My assumption is that a file being used (i.e. with modifie pages, being 
used for writes...) would not be closed before everything is cleared...

After some poking in the code, I think that this issue may indeed be 
there, although the probability of hitting it is close to 0, but alas not 
0:-)

To fix it, ITSM that it is enough to hold a "do not close lock" on the 
file while a flush is in progress (a short time) that would prevent 
mdclose to do its stuff.

> That part is enough fixed by referencing File instead the fd. The bigger 
> problem is that the infrastructure doesn't deal with files being closed. 
> There can, which isn't that hard to trigger, be smgr invalidations 
> causing smgr handle and thus the file to be closed.
>
> I think this means that the entire flushing infrastructure actually
> needs to be hoisted up, onto the smgr/md level.

Hmmm.

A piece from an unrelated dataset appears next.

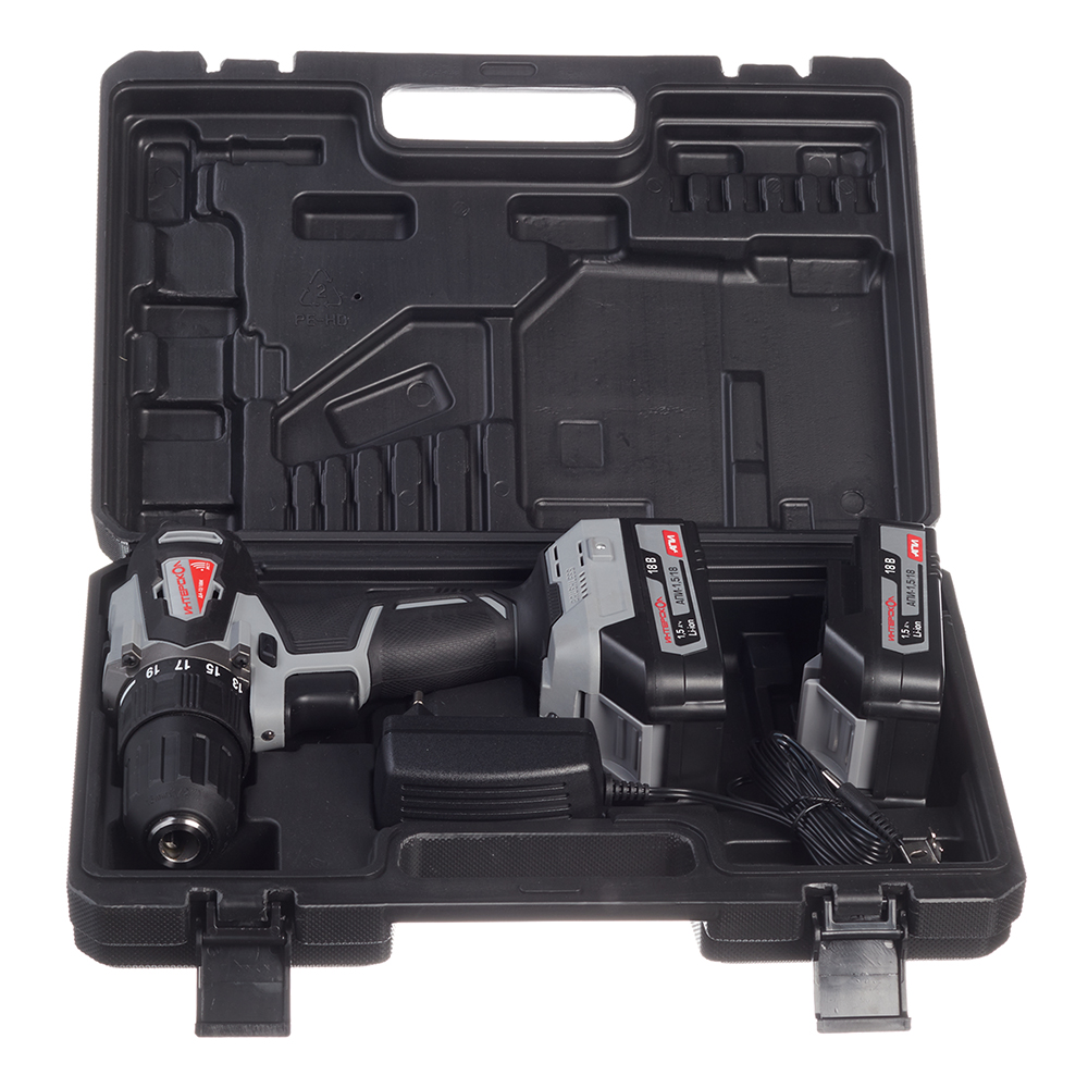 Дрель-шуруповерт, Аккумуляторный блок АПИ, Часовое моноблочное зарядное устройство, Скоба, Кейс пластмассовый, Руководство по эксплуатации и инструкция по безопасности, Гарантийный талон.

I'm not sure that it is necessary, see above my suggestion.

> 2) I noticed that sync_file_range() blocked far more often than I'd
>   expected. Reading the kernel code that turned out to be caused by a
>   pessimization in the kernel introduced years ago - in many situation
>   SFR_WRITE waited for the writes. A fix for this will be in the 4.4
>   kernel.

Alas, Pg cannot help issues in the kernel.

> 3) I found that latency wasn't improved much for workloads that are
>   significantly bigger than shared buffers. The problem here is that
>   neither bgwriter nor the backends have, so far, done
>   sync_file_range() calls. That meant that the old problem of having
>   gigabytes of dirty data that periodically get flushed out, still
>   exists. Having these do flushes mostly attacks that problem.

I'm concious that the patch only addresses *checkpointer* writes, not 
those from bgwrither or backends writes. I agree that these should need to 
be addressed at some point as well, but given the time to get a patch 
through, the more complex the slower (sort propositions are 10 years old), 
I think this should be postponed for later.

> Benchmarking revealed that for workloads where the hot data set mostly
> fits into shared buffers flushing and sorting is anywhere from a small
> to a massive improvement, both in throughput and latency. Even without
> the patch from 2), although fixing that improves things furhter.

This is consistent with my experiments: sorting improves things, and 
flushing on top of sorting improves things further.

> What I did not expect, and what confounded me for a long while, is that
> for workloads where the hot data set does *NOT* fit into shared buffers,
> sorting often led to be a noticeable reduction in throughput. Up to
> 30%.

I did not see such behavior in the many tests I ran. Could you share more 
precise details so that I can try to reproduce this performance 
regression? (available memory, shared buffers, db size, ...).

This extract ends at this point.